Before the end of the year, the foundation hopes to have 50 to 60 groups working on ideas for the next generation of toilets, which should run without water or electricity and not be attached to a sewer system. Rijsberman said they’re aiming for a toilet that is useful in more than one way, such as one that turns waste into something that can be used for energy.
If all goes as planned, in three to five years there will be a handful of solutions that will lead to products or innovations to serve tens of millions of people, he said.
Irungu, 47, says the main problem in communities like the Korogocho slum is the lack of sewage facilities and access to water. He has already seen a positive impact from his efforts, including a decrease in cholera outbreaks.
“This place used to smell because people would go the toilet in (plastic) bags and throw them in the streets because they could not go to the toilets which were overflowing with waste,” he said.
Paying to use clean toilets and water is an extra expense many slum dwellers cannot afford, so they end up using the dirty facilities that can expose them to diseases. The use of a toilet costs about two cents, or two Kenyan shillings.

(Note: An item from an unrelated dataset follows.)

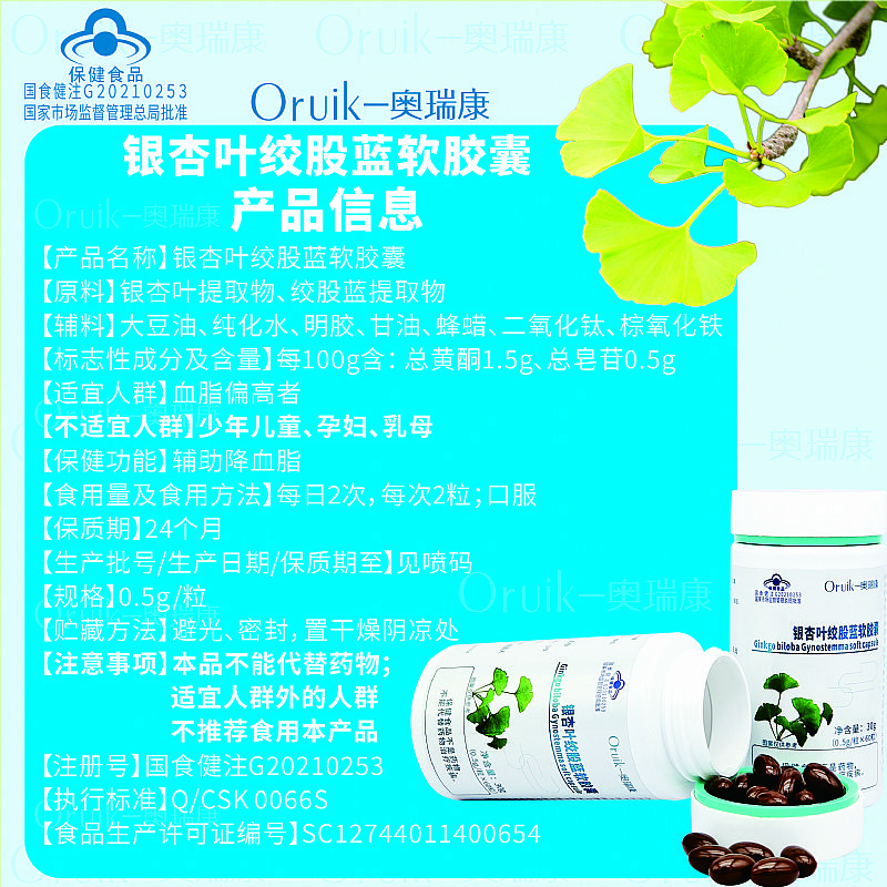 | 補充說明 | 產(chǎn)品基本信息: 【產(chǎn)品名稱】銀杏葉絞股藍軟膠囊 【原料】銀杏葉提取物、絞股藍提取物 【輔料】大豆油、純化水、明膠、甘油、蜂蠟、二氧化鈦、棕氧化鐵 【標志性成分及含量】每100g含:總黃酮1.5g、總皂苷0.5g 【適宜人群】血脂偏高者 【不適宜人群】少年兒童、孕婦、乳母 【保健功能】輔助降血脂 【食用量及食用方法】每日2次,每次2粒;口服 【保質(zhì)期】24個月 【生產(chǎn)批號/生產(chǎn)日期/保質(zhì)期至】見噴碼 【規(guī)格】0.5g/粒 【貯藏方法】避光、密封,置干燥陰涼處 【注意事項】本品不能代替藥物;適宜人群外的人群不推薦食用本產(chǎn)品 【注冊號】國食健注G20210253 【執(zhí)行標準】Q/CSK 0066S 【食品生產(chǎn)許可證編號】SC12744011400654 |

If better toilets are introduced Irungu will lose his business, but he says he feels guilty disposing waste in a river. He says he has no alternative. The slum was built on rocky land, so many landlords dig shallow pit latrines that fill quickly because they are sometimes used by as many as 30 people.
For every latrine drained, Irungu takes home about $2, a solid income in an area where many residents earn less that $1 a day. Through this work he has been able to educate his five children, he said.
Korogocho resident Veronica Wanjiru, 29, who has two children aged 7 and 11, says cleanliness is a problem.
“Most of the tenants choose to use a donor-funded toilet facility which you pay 2 shillings,” she said. “Many of us cannot afford this fee so our children use potties until they are even 14 years or for those who cannot afford that they use paper bags which are then thrown into a ditch.”
Wanjiru said that if her family used the public toilet twice a day, it would cost her 12 shillings (13 cents), which she cannot afford. Instead, her children leave their waste in a portable, self-contained toilet chair. She dumps its contents into a ditch.
“I know that disposing of feces in the ditch is bad but I have no choice. I have no toilet. I don’t have a steady job,” said Wanjiru, who washes clothes for a living. “Disposing the feces in the ditch is bad because that is where my children play.”
The Gates Foundation was created in 2000 by the Microsoft Corp. chairman and his wife. (Msnbc.com is a joint venture of Microsoft and NBC Universal.)